The in-depth study also found that businesses expect a fifth (21%) of their growth over the next three years to come through digital channels.
This news couldn’t come at a better time especially since reports that young people seeking first time employment face the bleakest outlook since 1994.
Over three-quarters (77%) of businesses acknowledge that young people have digital skills in abundance but less than one quarter (24%) are planning to offer a first time job or an ‘on the job’ training role to a young person in the coming months. The study urges businesses to do more to make the most of the digital skills sitting unused in the youth community.
O2 CEO Ronan Dunne said: “There are more than a million young people out of work. It’s a travesty that whilst businesses are crying out for digital skills, they are excluding from the workplace the very people who have them.”

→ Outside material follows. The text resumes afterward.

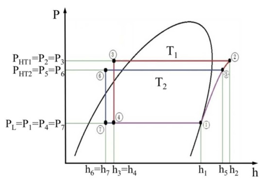 The design condensing pressure of the chiller is point P5; the operation sequence point of the refrigeration cycle is 1→5→6→7→1, as shown in Figure 5; the compressor work is equal to h5 − h1; and the refrigeration capacity of the evaporator is equal to h1 − h7. The COPR of point P5 is shown below.

“Now is the time when thousands of young people will be deciding what to do next. We want to encourage them to make the most of the fact that they have grown up in a digital world and be confident in the value of their skills to prospective employers.”
The findings also highlight a need for businesses to embrace young people and maximise the digital skills young people possess.
Nine out of ten (90%) British youths can use social media to promote an event, idea or cause. Two-thirds (66%) of young people can design a webpage, one in five (19%) can develop an app, 13% are “confident” at coding, whilst another 25% have experienced coding at some point and 36% are confident in working with databases.
“Businesses need to recognise the value that young people can bring – they are the future fuel of the economy and have the skills we need to help pull us out of recession,” said Dunne.
But the findings of this study do not only apply to the technology sector, the findings show a wide range of businesses are also in need of the digital talents of young people.
When asked to identify from a number of digital skills which they would find the most valuable: a fifth of businesses said the services of a web designer would be the most valuable, 12% value e-marketing as a key driver of growth and One in ten want to get a better handle on their customers, with customer management systems.
In light of these findings, O2 is undertaking a number of initiatives to support young people on their journey to work:
• Increasing the number of paid apprenticeships and internships offering a broad range of experiences plus on-going mentoring and coaching
• Digital work skills days for 3,000 young people aged 16 take them through a number of activities covering engineering and digital technology
• Along with Futura Networks, Telefonica (O2 in the UK) is hosting Campus Party in Berlin between 21-26 August, where 10,000 of Europe’s most talented minds will come together to retype Europe’s source code, rebuild Europe's digital foundations and write the plan for Europe's digital future
This most important thing that this study has highlighted is that we need to acknowledge, invest and encourage the vital skills that young people have to offer.